Transformers Flashcards
Transformers were developed to solve the problem of _____
sequence transduction
what is sequence transduction
any task that transforms an input sequence to an output sequence. This includes speech recognition, text-to-speech transformation, etc..
For models to perform sequence transduction it is necessary to have what?
Some sort of memory
RNNs are what
Feed forward networks with the input spread out over time, and as such deal with sequence data, like stock prices
List an example of an RNN vector sequence model
Labeling images. Image is is represented as a vector and the description as a sequence of text
RNN sequence to vector example
Sentiment analysis. Sequence of text (e.g movie review) output is a vector [.90, .10] indicating how good or bad the movie was
Example of RNN sequence to sequence transduction
Language translation
What is the notable characteristic of sequence input?
It has some defined ordering
Downsides of RNNs?
1) they’re slow to train. 2) they don’t deal with long sequences too well
What happens when RNNs process too long of sequences?
The gradients either vanish or explode
What is a consequence of RNNs being too slow to train?
We end up using a truncated version of backprop, and even then that is too slow
LSTM networks replace neurons with what?
An LSTM cell
LSTMs and RNNs relationship to GPUs
Their data must be processed sequentially. Meaning the output of one neuron must be used in the input for the next neuron. This makes it impossible to take advantage of GPUs being designed for parallel computation
Like RNNs, transformers use what architecture?
An encoder decoder architecture
GloVe
An unsupervised learning algorithm for obtaining vector representations for words
Embedding space
Maps a word (e.g “dog”) to a vector e.g [0.22, 0.73, 0.87, 0.17,…]
Why do transformers need the inputs to have positional encoding added to them?
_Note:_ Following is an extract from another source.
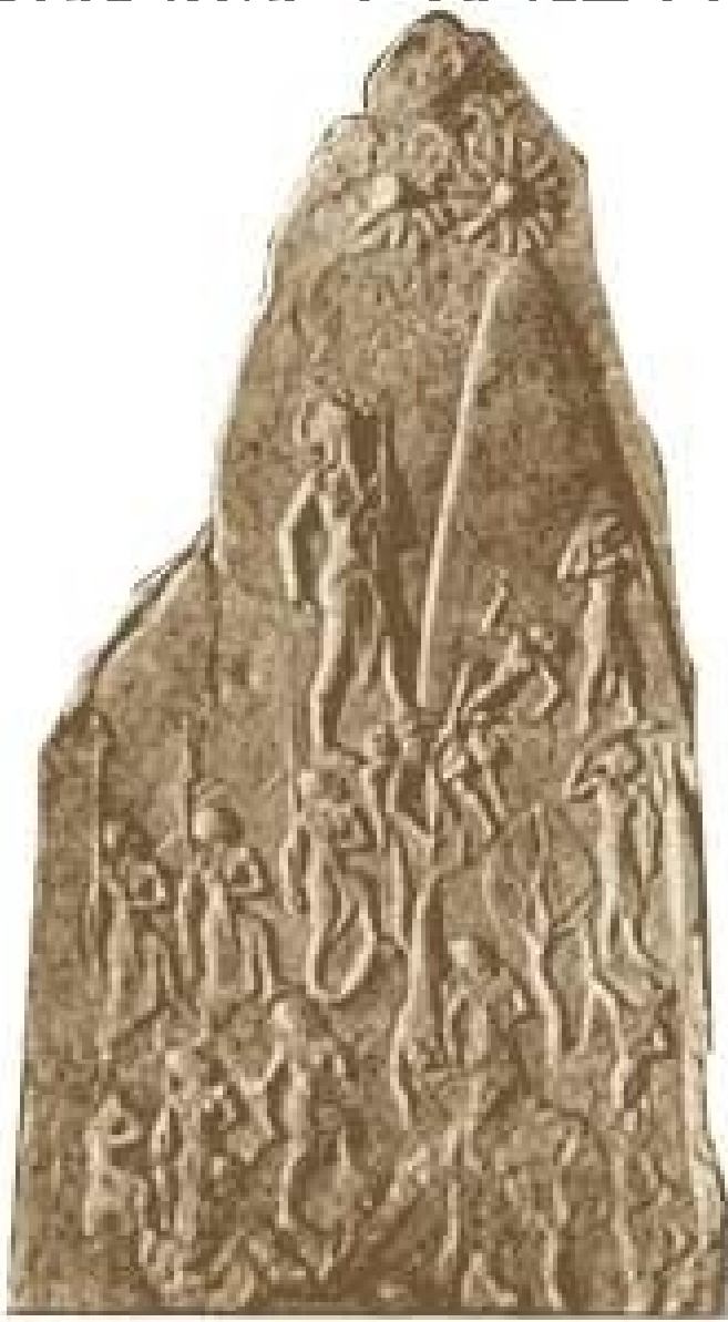
丁 勿 悉 伊 工

Because unlike other architectures, the transformer doesn’t use recurrence or convolution and instead takes each data point originally as independent from each other [explain this from two different angles]
But on a more logical level this is necessary because orderingmatters in sequences. “The dog ate the cat” has a didferneemt meaning from “the cat ate the dog”. [and presumably knowing the order of dog and cat matters for the output language, because each different output language may order subject and objects differently]
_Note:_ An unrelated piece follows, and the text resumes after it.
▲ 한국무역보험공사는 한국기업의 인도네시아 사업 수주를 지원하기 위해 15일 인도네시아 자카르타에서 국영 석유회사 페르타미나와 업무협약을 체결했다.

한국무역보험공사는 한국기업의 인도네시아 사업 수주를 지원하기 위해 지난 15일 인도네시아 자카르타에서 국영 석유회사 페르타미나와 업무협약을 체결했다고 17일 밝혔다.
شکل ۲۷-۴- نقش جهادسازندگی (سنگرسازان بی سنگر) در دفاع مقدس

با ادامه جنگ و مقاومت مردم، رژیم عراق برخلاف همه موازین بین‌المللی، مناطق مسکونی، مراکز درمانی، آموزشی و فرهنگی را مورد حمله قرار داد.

Each element of data in the transformer combines information about other elements via self attention but each element does this on its own independently of what the other elements do
The AIAYN paper’s choice of positional embedding is best understood if you have knowledge of what?
Fourier Analysis
AIAYN
Attention is all you need
Positional embedding requirements
1) Every position should have the same identifier irrespective of the sequence length or what the input is
2) since the position embedding is added to the original vector for a token, and since the value of each dimension in the original vector is bounded, the position embedding should be bounded in the same domain such that positional similarity doesn’t have a much larger effect on the final value than semantic similarity, aka each value in each dimension of the semantic vector should be between 0 and 1
What is the benefit of using sin and cos to construct your positional embedding function as opposed to say using a sigmoid?
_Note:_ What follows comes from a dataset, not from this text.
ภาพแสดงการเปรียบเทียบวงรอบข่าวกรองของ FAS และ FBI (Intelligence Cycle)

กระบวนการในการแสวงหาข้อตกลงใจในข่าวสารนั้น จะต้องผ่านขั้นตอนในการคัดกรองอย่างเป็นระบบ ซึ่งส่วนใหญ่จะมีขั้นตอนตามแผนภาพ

Since sigmoids are asymptomatic, large input values will have very similar output values so sigmoids would not be good for large sequences [ I guess this means the calculated semantic vectors for each latter token in the sequence would end up being very similar]
Why wouldn’t a simple cos or sin work to calculate say the first dimension value of the positional embedding? [where the parameter is the index of the token in the input sequence]
The periodicity of sin and cos would lead to multiple indices receiving the same positional value [which mighhht? Be ok if we end up coming up with a different formula for other dimensions of the vector, but regardless we still need to come up with some formula that works for other dimensions
Why wouldn’t a very stretched out version of sin work as the position function? E.g such that it’s period was say 4x the length of the data such that it resembles a continuous function with the outputted values progressing from 0 to 1
The positional embedding value deltas between each position would be too small and the semantic values would overshadow the positional values
The sin and cos relative positional embedding works best for what type of data?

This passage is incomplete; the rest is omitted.